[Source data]
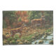 Whitetail fait et buck marcher à travers la forêt le long d'un ruisseau en cascade de rochers et cascades. OEuvre d'art réaliste créée à partir d'une peinture à l'huile originale de Crista S. Forest, artiste équin et animalier.
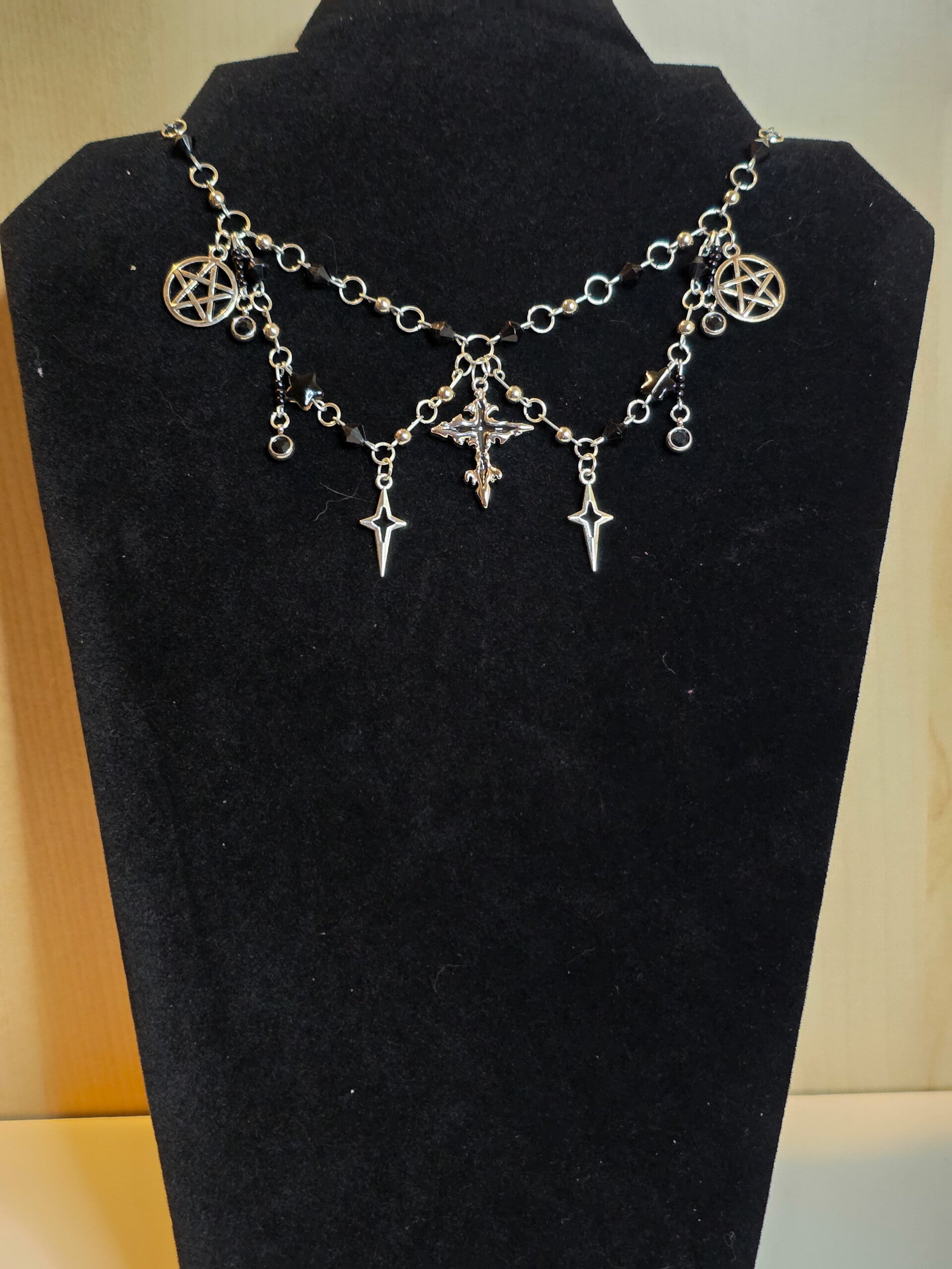 Silver and black necklace
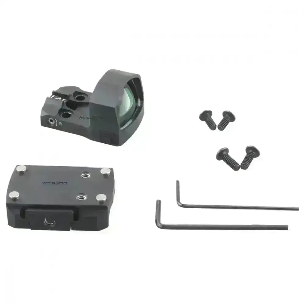Verdens letteste full-metalls rødpunktiskte. Denne lille rakkeren er parallaxfri som vil si at du treffer der prikken viser selv om du ikke ser bent gjennom siktet.
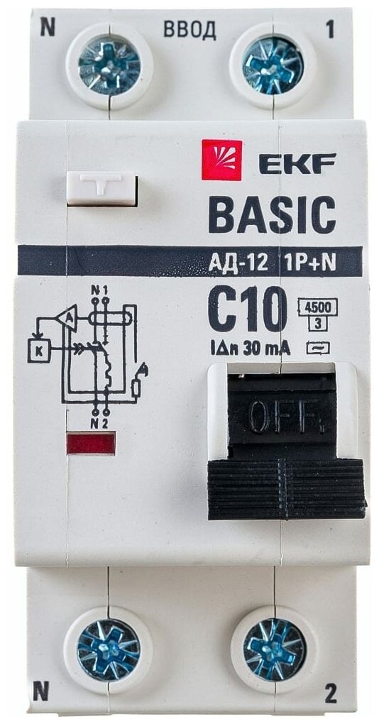 DA12-10-30-bas Дифференциальный автоматический выключатель EKF АД-12 Basic 1П+N 10А 30мА, тип AC, 4.5кА, C
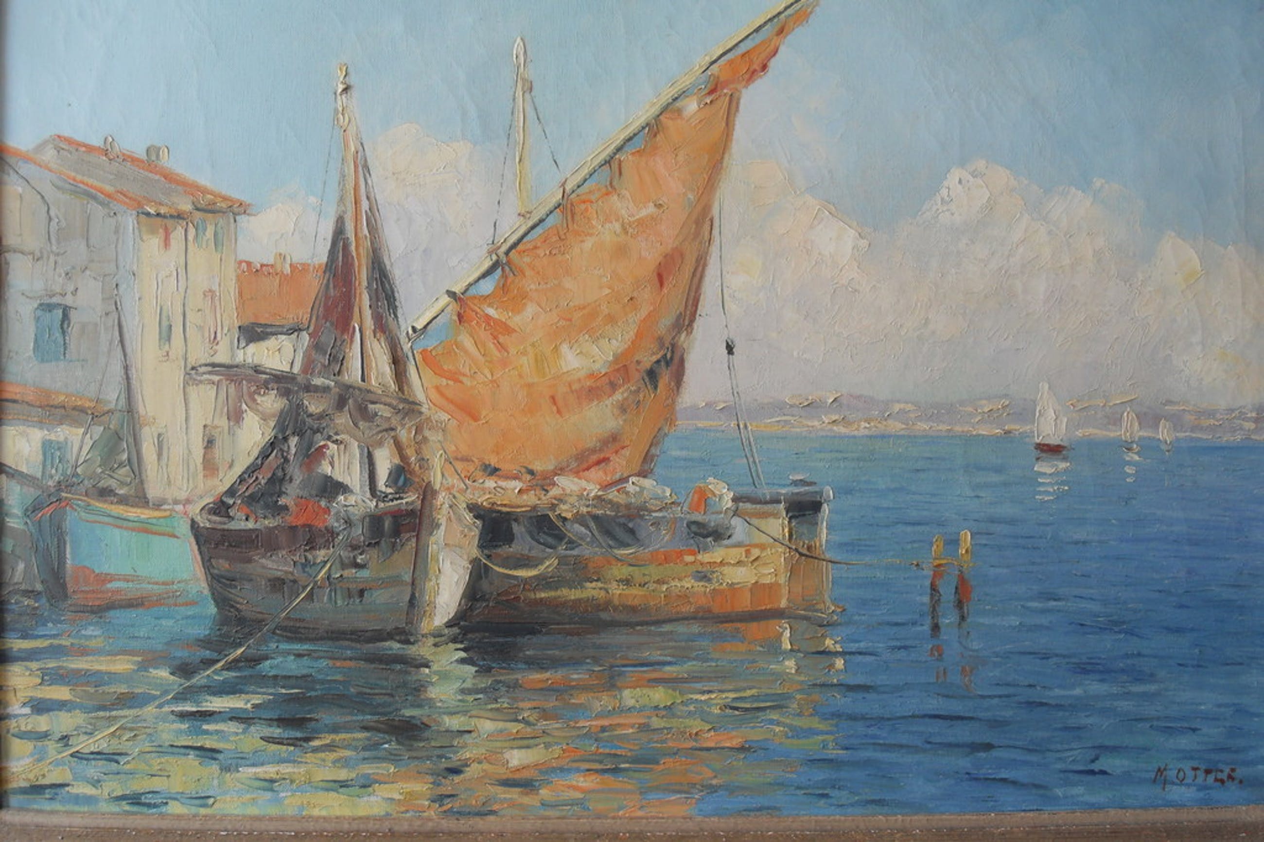 Prachtig impressionistisch schilderij vaneen italiaans visserdorp van de leidse kunstenaaar Arnout van Gilst, die dit op een van zijn vele reizen heeft geschilderd. Hij heeft het gesigneerd onder zijn pseudoniem Ottee. Het werk is 50 x 70 cm en is te dateren rond 1938. Het schilderij is gelijst en is in goede conditie
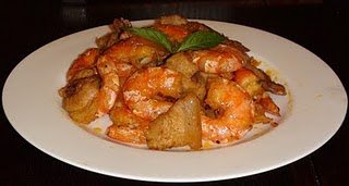 1/2 lb medium sized Shrimp with shell on and head on if preferred. Make sure to trim the sharp part of the heads and tails.
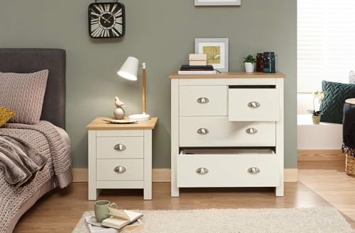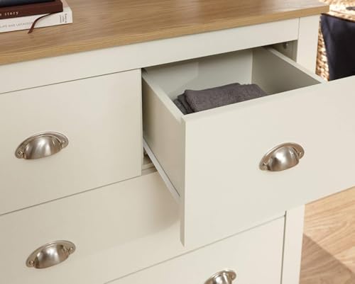 FurniFlex - خزانة تخزين بأدراج لغرفة النوم بمقبض صلب من فورني فليكس، لون كريمي/ بلوط
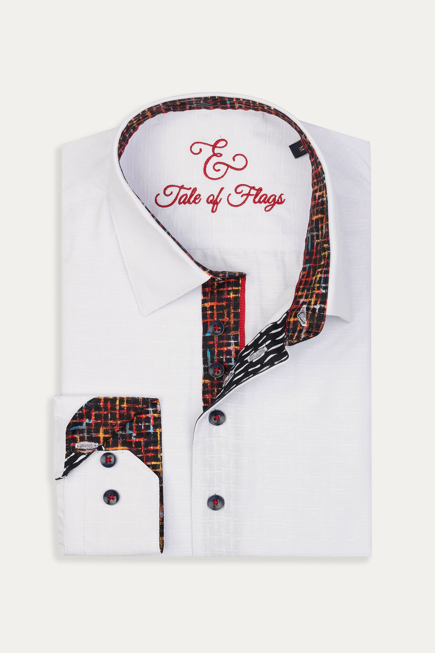 - Contrast inner collar, placket, and cuff design

**Aim of the task**
The answer must be an exact copy of the lines above, from the start of the records through the line with "Silver and black necklace", and of nothing else; no pictures belong in it.

**Answer to this problem**
 Whitetail fait et buck marcher à travers la forêt le long d'un ruisseau en cascade de rochers et cascades. OEuvre d'art réaliste créée à partir d'une peinture à l'huile originale de Crista S. Forest, artiste équin et animalier.
 Silver and black necklace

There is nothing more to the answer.